**Instructions to follow:**
Starting at the line that contains "Lulu Bej Cilt Bağcıklı Spor Ayakkabı", copy every line to the end of the material below exactly, and omit the pictures.

**Given material:**
=== Section Start ===

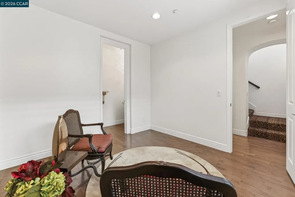 Enter through a private, landscaped courtyard to find a tranquil tiered fountain and then into this beautifully appointed 3-bedroom, 2.5-bath townhome offering approx. 1,730 sq ft in the heart of San Ramon. Mediterranean-inspired details, including arched doorways, wood-style flooring, and plantation shutters, create a warm and refined feel throughout. The spacious great room with fireplace offers flexibility for everyday living and entertaining. A private balcony is ideal for BBQs with easy access to the kitchen featuring a gas range, granite countertops, a generous island with storage, and built-in hutch with workspace. The adjacent dining area is light-filled and welcoming. The primary suite offers a walk-in closet, dual vanity, glass-enclosed shower, and French doors to a Juliette balcony. Secondary bedrooms are generously sized, including one with walk-in closet and courtyard views. Additional features include recessed lighting, designer accents, and attached 2-car garage. Ideally located near top-rated SRV schools, Mosaic pool, City Center, shopping, dining, HWY 680, Iron Horse Trail, and Dublin BART.
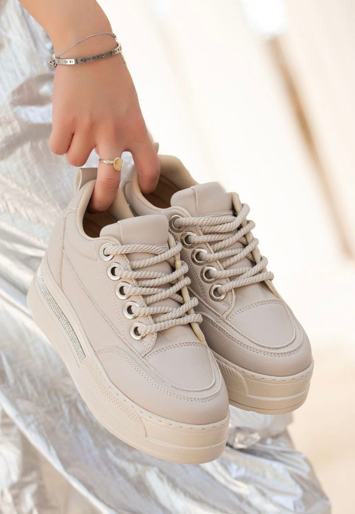 Lulu Bej Cilt Bağcıklı Spor Ayakkabı
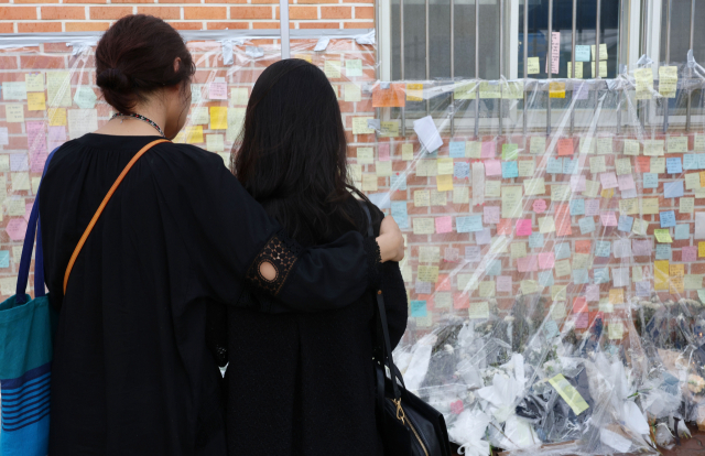 23일 서울 서초구의 한 초등학교에서 극단적 선택을 한 교사를 추모하는 추모객들의 발길이 이어지고 있다. 연합뉴스

=== Section End ===

**Response to the exercise:**
 Lulu Bej Cilt Bağcıklı Spor Ayakkabı
 23일 서울 서초구의 한 초등학교에서 극단적 선택을 한 교사를 추모하는 추모객들의 발길이 이어지고 있다. 연합뉴스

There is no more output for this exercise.